Provided data |

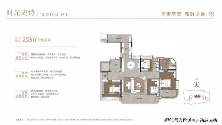253平米户型:四房两厅两卫,南北对流,阳台长达10米,主卧飘窗和主卫270度弧形采光面。
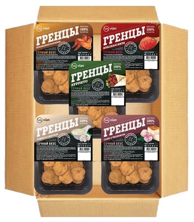 Гренки ржано - пшеничные микс "гренцы" VIAN (крылышки барбекю, красная икра, грибы со сметаной, буррито, сало с чесноком), 5 шт по 100 г информация:
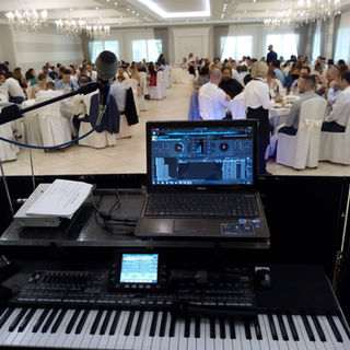 Inoltre, il servizio include momenti di karaoke per gli invitati e l'uso di attrezzature professionali, come il sistema di proiezione che permette di visualizzare i testi delle canzoni su un maxi schermo, rendendo l'atmosfera ancora più coinvolgente e festosa. E per chi ama ballare, Fabrizio offre anche un vasto repertorio di hit degli anni '70, '80, '90 e contemporanei, per garantire che tutti si divertano fino a tarda notte.

What is required |
Give the data again exactly as it appears, but without any images.

Completed task |
253平米户型:四房两厅两卫,南北对流,阳台长达10米,主卧飘窗和主卫270度弧形采光面。
 Гренки ржано - пшеничные микс "гренцы" VIAN (крылышки барбекю, красная икра, грибы со сметаной, буррито, сало с чесноком), 5 шт по 100 г информация:
 Inoltre, il servizio include momenti di karaoke per gli invitati e l'uso di attrezzature professionali, come il sistema di proiezione che permette di visualizzare i testi delle canzoni su un maxi schermo, rendendo l'atmosfera ancora più coinvolgente e festosa. E per chi ama ballare, Fabrizio offre anche un vasto repertorio di hit degli anni '70, '80, '90 e contemporanei, per garantire che tutti si divertano fino a tarda notte.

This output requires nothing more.